== TASK INPUTS
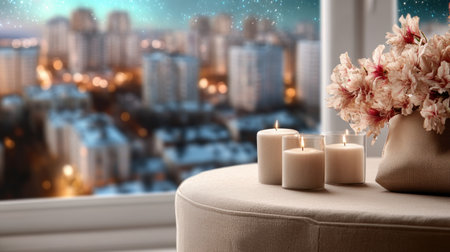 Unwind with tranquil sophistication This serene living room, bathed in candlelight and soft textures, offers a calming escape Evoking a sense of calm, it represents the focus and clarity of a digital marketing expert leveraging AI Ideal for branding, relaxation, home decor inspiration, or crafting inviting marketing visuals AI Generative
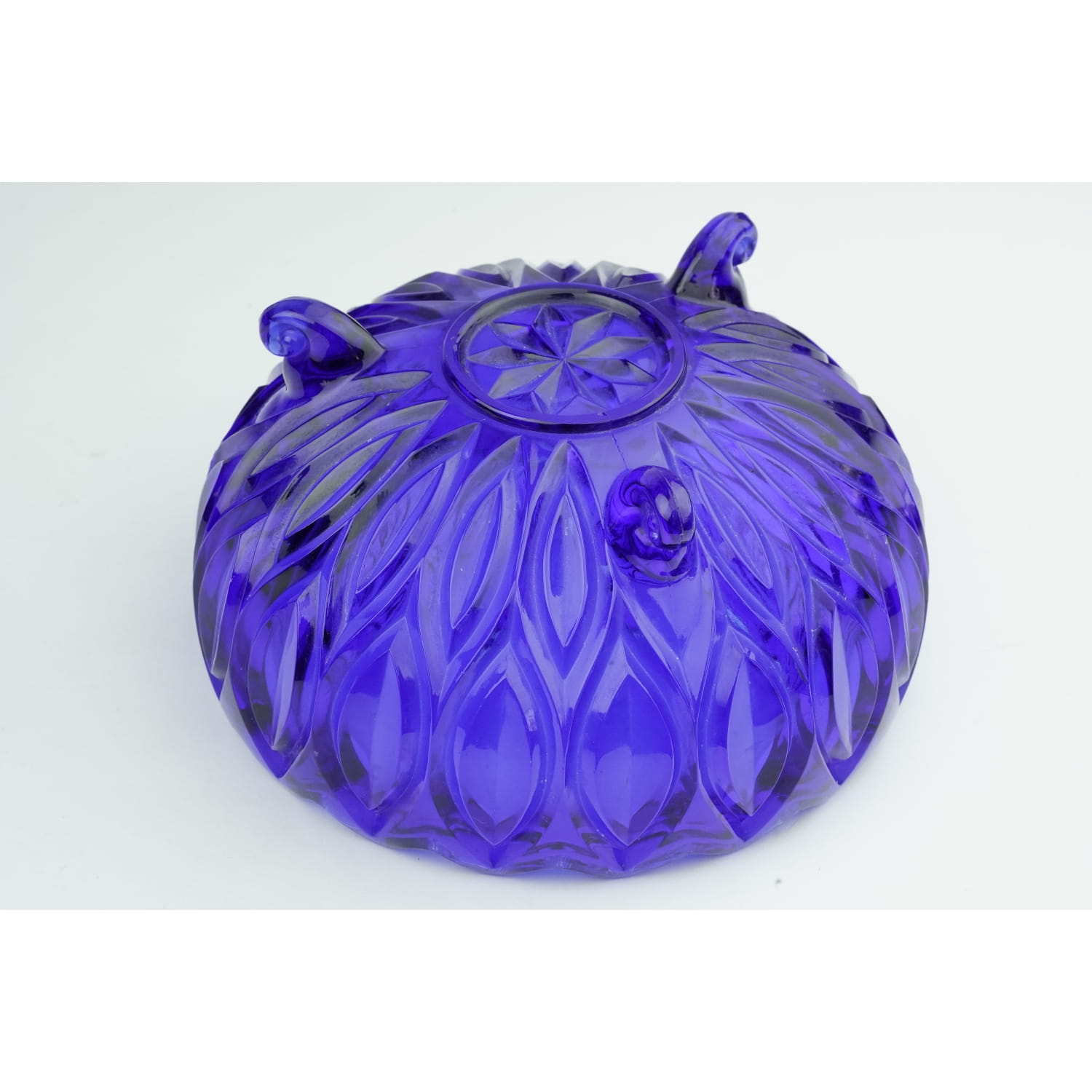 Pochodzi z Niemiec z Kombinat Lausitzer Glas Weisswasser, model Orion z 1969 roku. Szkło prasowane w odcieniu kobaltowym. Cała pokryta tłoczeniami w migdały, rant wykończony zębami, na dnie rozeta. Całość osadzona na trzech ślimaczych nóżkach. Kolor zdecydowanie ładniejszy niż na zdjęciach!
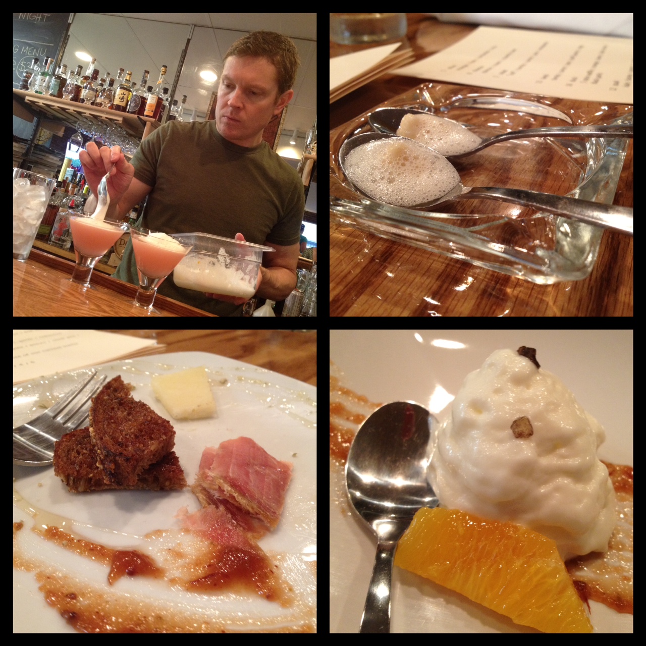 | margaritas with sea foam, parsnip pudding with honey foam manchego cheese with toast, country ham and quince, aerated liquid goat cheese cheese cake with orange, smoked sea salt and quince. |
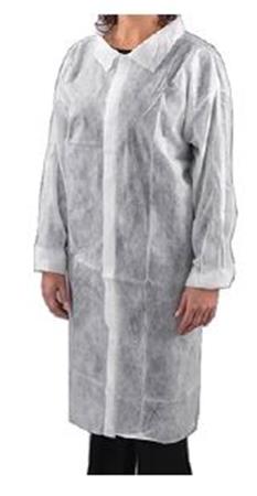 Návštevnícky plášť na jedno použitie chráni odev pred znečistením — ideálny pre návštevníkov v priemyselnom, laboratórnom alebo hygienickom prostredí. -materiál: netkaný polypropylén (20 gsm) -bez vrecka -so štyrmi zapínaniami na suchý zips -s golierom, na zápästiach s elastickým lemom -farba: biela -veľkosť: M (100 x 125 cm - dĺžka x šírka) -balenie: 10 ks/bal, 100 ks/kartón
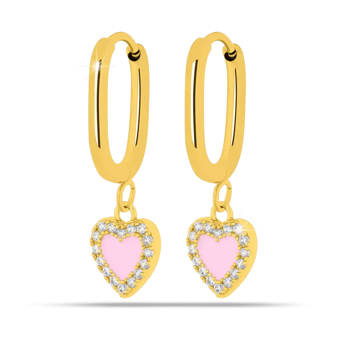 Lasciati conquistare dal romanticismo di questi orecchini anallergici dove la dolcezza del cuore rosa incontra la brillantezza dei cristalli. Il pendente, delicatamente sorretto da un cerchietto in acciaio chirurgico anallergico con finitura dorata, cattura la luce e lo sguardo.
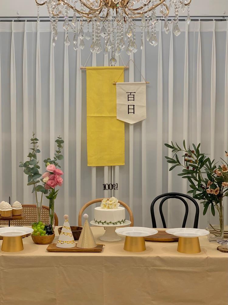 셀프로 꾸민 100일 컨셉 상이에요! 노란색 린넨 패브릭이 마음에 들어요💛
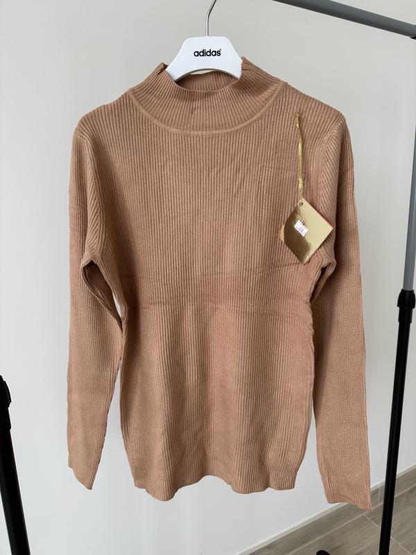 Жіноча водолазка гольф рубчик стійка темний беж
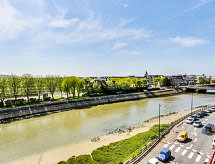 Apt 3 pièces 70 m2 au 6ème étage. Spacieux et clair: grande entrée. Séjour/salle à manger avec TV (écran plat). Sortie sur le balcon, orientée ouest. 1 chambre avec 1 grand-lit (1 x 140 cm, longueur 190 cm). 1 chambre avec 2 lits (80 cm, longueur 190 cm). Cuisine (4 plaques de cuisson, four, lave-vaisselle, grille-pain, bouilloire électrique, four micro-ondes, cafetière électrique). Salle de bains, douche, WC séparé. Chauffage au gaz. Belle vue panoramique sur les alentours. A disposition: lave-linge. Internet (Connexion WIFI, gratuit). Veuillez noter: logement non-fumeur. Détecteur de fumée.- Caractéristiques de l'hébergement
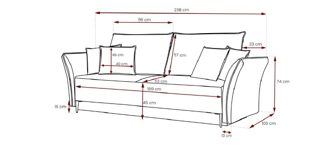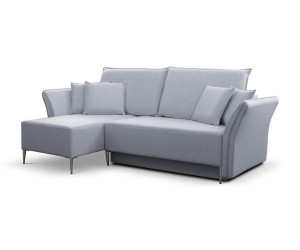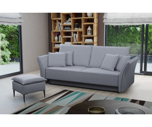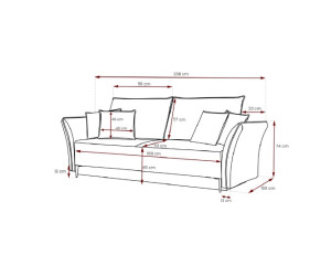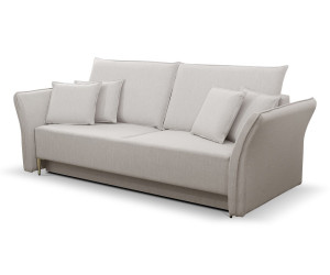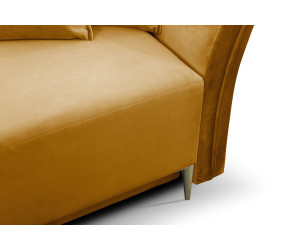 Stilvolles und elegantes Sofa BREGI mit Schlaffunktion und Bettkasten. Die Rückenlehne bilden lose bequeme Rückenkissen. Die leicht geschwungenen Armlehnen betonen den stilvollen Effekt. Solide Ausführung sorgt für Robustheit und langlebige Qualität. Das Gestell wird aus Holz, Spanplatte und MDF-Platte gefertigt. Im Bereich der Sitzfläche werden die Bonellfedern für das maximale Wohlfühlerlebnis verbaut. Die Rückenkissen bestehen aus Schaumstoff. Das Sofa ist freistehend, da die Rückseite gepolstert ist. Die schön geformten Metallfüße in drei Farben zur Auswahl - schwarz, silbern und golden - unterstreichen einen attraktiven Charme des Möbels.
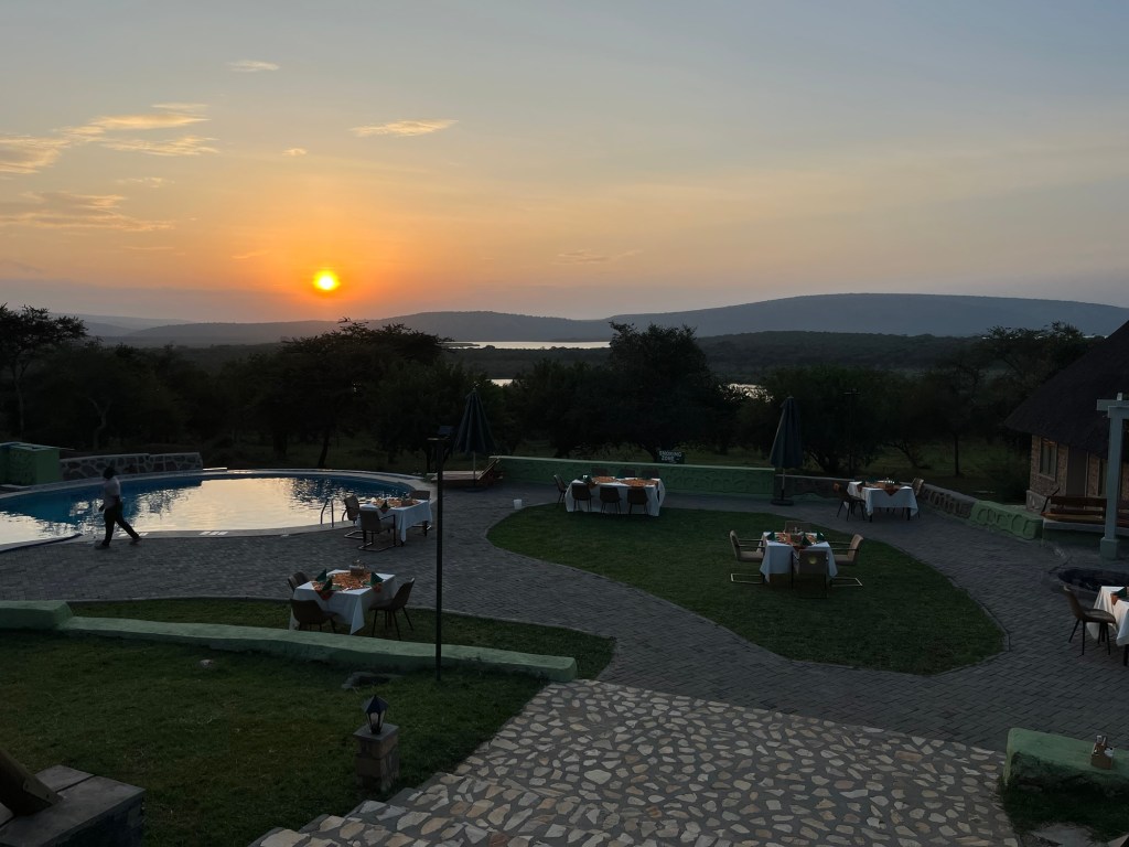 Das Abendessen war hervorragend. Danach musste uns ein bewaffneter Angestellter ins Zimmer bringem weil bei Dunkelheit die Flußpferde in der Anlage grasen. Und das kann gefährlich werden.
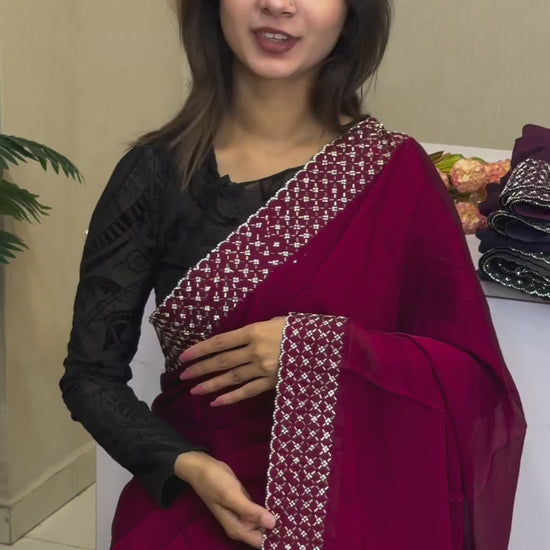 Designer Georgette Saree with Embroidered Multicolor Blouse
====
THE TASK:
Please print, exactly as given, the lines running from the beginning of the listing through the line containing "Жіноча водолазка гольф", omitting each picture.

ANSWER SECTION:
 Unwind with tranquil sophistication This serene living room, bathed in candlelight and soft textures, offers a calming escape Evoking a sense of calm, it represents the focus and clarity of a digital marketing expert leveraging AI Ideal for branding, relaxation, home decor inspiration, or crafting inviting marketing visuals AI Generative
 Pochodzi z Niemiec z Kombinat Lausitzer Glas Weisswasser, model Orion z 1969 roku. Szkło prasowane w odcieniu kobaltowym. Cała pokryta tłoczeniami w migdały, rant wykończony zębami, na dnie rozeta. Całość osadzona na trzech ślimaczych nóżkach. Kolor zdecydowanie ładniejszy niż na zdjęciach!
 | margaritas with sea foam, parsnip pudding with honey foam manchego cheese with toast, country ham and quince, aerated liquid goat cheese cheese cake with orange, smoked sea salt and quince. |
 Návštevnícky plášť na jedno použitie chráni odev pred znečistením — ideálny pre návštevníkov v priemyselnom, laboratórnom alebo hygienickom prostredí. -materiál: netkaný polypropylén (20 gsm) -bez vrecka -so štyrmi zapínaniami na suchý zips -s golierom, na zápästiach s elastickým lemom -farba: biela -veľkosť: M (100 x 125 cm - dĺžka x šírka) -balenie: 10 ks/bal, 100 ks/kartón
 Lasciati conquistare dal romanticismo di questi orecchini anallergici dove la dolcezza del cuore rosa incontra la brillantezza dei cristalli. Il pendente, delicatamente sorretto da un cerchietto in acciaio chirurgico anallergico con finitura dorata, cattura la luce e lo sguardo.
 셀프로 꾸민 100일 컨셉 상이에요! 노란색 린넨 패브릭이 마음에 들어요💛
 Жіноча водолазка гольф рубчик стійка темний беж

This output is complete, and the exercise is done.